*** Opening of Data section ***

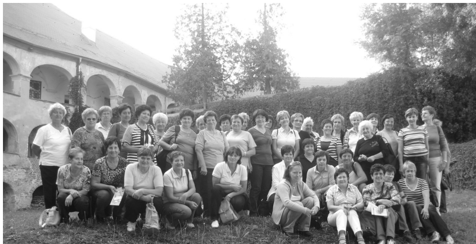
Udeleženske izleta po Prekmurju

V programu delovanja društva podeželskih žena občine Markovci je tudi izobraževanje članic na strokovnih ekskurzijah, kjer spoznavamo dopolnilne dejavnosti na kmetijah ter kulturne in druge zanimivosti.
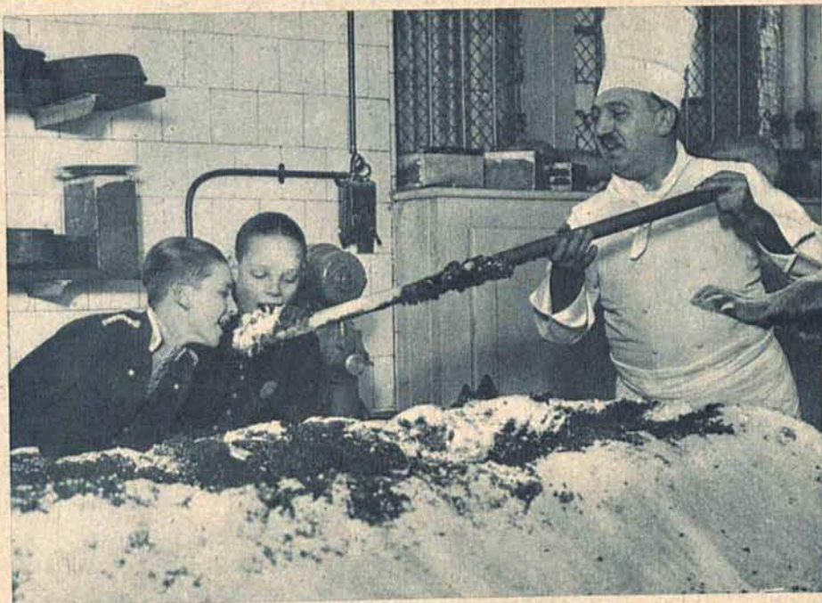
Przygotowywanie tradycyjnego puddingu w największym hotelu londyńskim „Savoy”. Kuchmistrz miészający olbrzymią ilość masy puddingowej daje pokosztować także boyom.
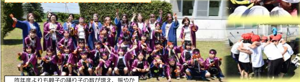
昨年度よりも親子の踊り子の数が増え、賑やかに踊ることができました。～とべっ子よさこい～
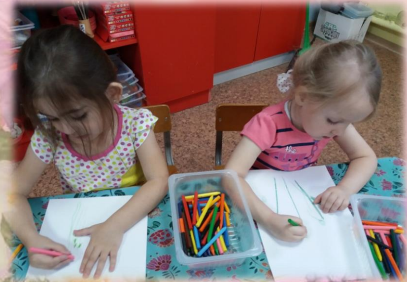
Рисование «Букет цветов»
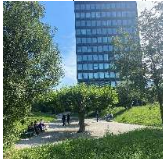
Foyer Park im LG-Areal
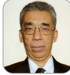
पद्म ज्योति संचालक
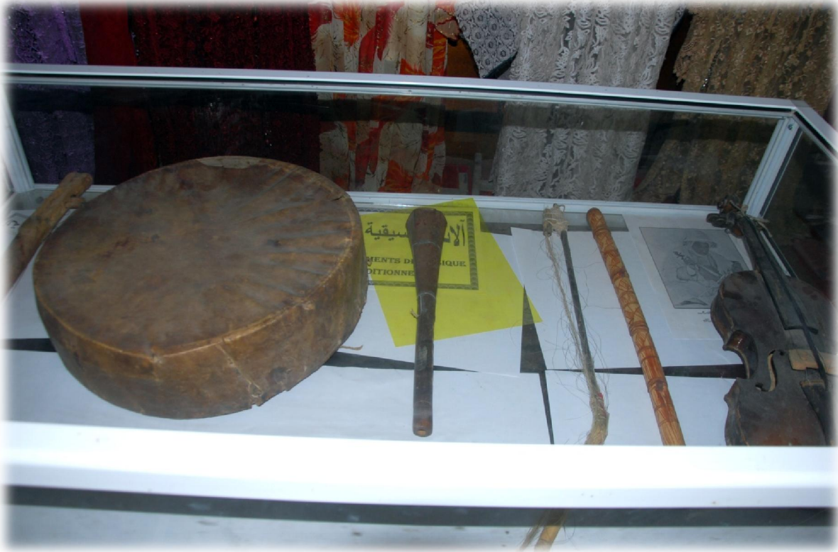
صورة رقم 32 : بعض الأدوات الفنية الخشبية
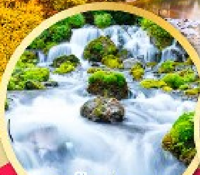
สันผืนน้ำแร่ธรรมชาติ ณ สวนฟูทาคาชิ
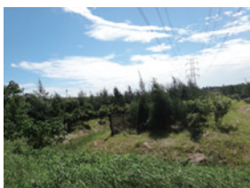
▲雲林縣崙背鄉貓兒干段復育造林地
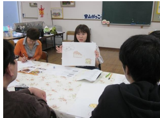
2 「こんな料理はどうでしょうか？」
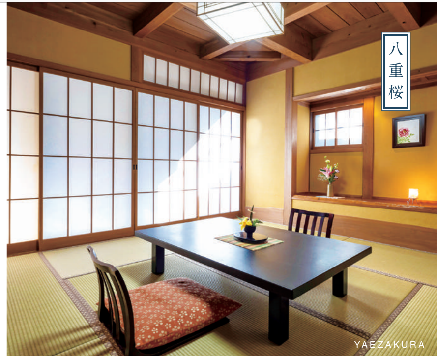
和室 中庭を望む8畳の和室。湯上がりに、縁側でのんびり涼めるのはこの部屋だけ。温泉の湯気と共に、懐かしく愛しい記憶がふと立ち上る。いつかの思い出までたたためる一室。

樹やしき 本館のご案内 離れの他にも「樹やしき本館」もございます。お気軽にお問い合わせください。
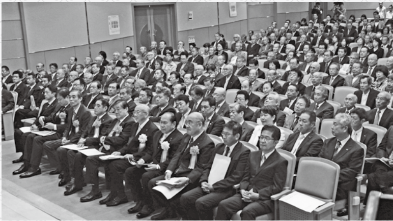
▲多くの方に出席いただきました

10月31日、広陵中央公民館かくや姫ホールで広陵町制60周年記念式典が開催されました。県内外の各首長や議会議長、町の各種団体の長など約350名が式典に参加。広陵金明太鼓の演奏とコーラス3団体による国歌・町歌斉唱で幕を開きました。第1部では、荒井県知事や奥野衆
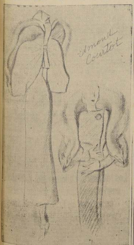
Lindo abrigo de lana negro adornado de zorro
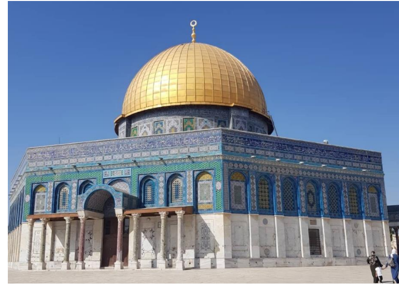
Dome of the Rock, Jerusalem
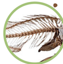
Arêtes, restes de poisson et fruits de mer
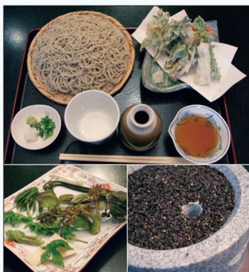
石臼挽き手打ちそば
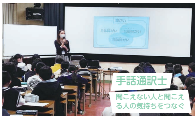
手話通訳士 聞こえない人と聞こえる人の気持ちをつなぐ
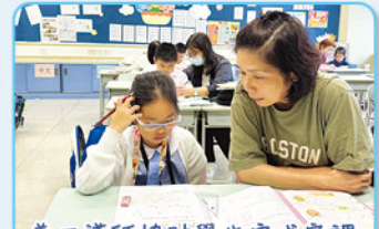
義工導師協助學生完成家課及溫習。
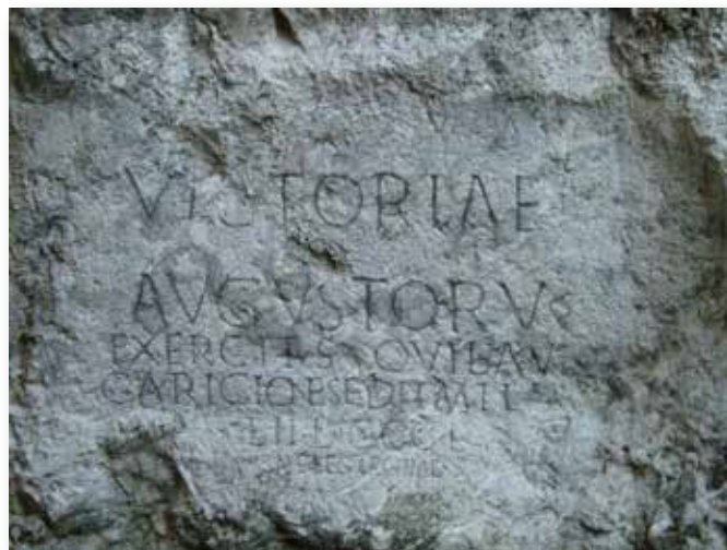
Die Inschrift auf dem Burgfelsen von Trentschin/Trenčín
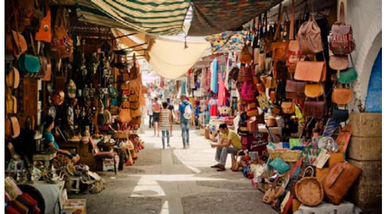
Arabískur risamarkaðurinn á Jemall el-Fna torginu iðar af mannlífi og þar er hægt að fá allt milli himins og jarðar, eða frá filum og upp í ævagamlar nálar.

Nánari upplýsingar má fá á www.urvalutsyn.is/borgir .

*** Close of Data section ***

After locating the line containing "手話通訳士 聞こえない人と聞こえる人の気持ちをつなぐ" in the entries above, return it and every line after it exactly, ending at the line containing "Arabískur risamarkaðurinn á", without pictures.

手話通訳士 聞こえない人と聞こえる人の気持ちをつなぐ
義工導師協助學生完成家課及溫習。
Die Inschrift auf dem Burgfelsen von Trentschin/Trenčín
Arabískur risamarkaðurinn á Jemall el-Fna torginu iðar af mannlífi og þar er hægt að fá allt milli himins og jarðar, eða frá filum og upp í ævagamlar nálar.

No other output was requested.